95% of a base consists of passive parts and, since they need to synchronize very little information, we figured tostore their data in a NetworkArray_Objects instead of individual BoltEntities.
A NetworkArray_Objects is a bolt class that stores BoltObjects in an array on a state.
In this case the NetworkArray stores BoltObjects of type BaseElement_Obj.
Each of these BoltObjects represents a passive part of a base, so, naturally, a BaseElement_Obj stores the following values:
Position (Vector3) – Where the BasePart is located in World Space.
Rotation (Quaternion) – The orientation of the BasePart in World Space.
Structural Integrity (float) – How stable is this part.
Health (int) – How much health the part has.
PrefabID (int) – Not to be confused with the struct that comes with bolt that is also called PrefabID. This value is used to identify part types.

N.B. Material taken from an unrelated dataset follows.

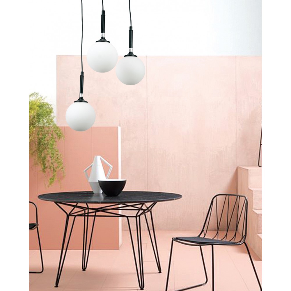 InLight Κρεμαστό φωτιστικό από χρώμιο μέταλλο και λευκή οπαλίνα (4515-3 ΡΟΖΕΤΑ)

IsSpawned (bool) – Determines if this entry of the NetworkArray is a unused.
Bolt limits each state to a maximum of 1024 properties so the array can only be 170 entries long.
The BaseElementsManager is a script that inherits from Bolt’s EntityBehavior. It has on its state a property called “BaseElements” on its state that isa NetworkArray of type BaseElement_Obj.(see picture above).
Now here comes the important part:
Its main function is to store the data of passive parts and to handle the proxys of this data.
A proxy is a simple GameObject, without a BoltEntity attached, that represents an entry in the NetworkArray.
So every entry that is marked as “IsSpawned = True” has a GameObject(the proxy) in the world with which the players can interact. In this case the proxies are parts of a base.
A base can be made from more than one of these BaseElementsManagers so we need another script that manages all of these. The BaseManager script handles requests to add/remove/alter a passive part and manages the BaseElementsManagers of one base. For example, if we want to add a new part to the base but the base already has 170 passive parts-which means that the current BaseElementsManager‘s NetworkArray is full-a new BaseElementsManager is spawned and used to store the data of the new part.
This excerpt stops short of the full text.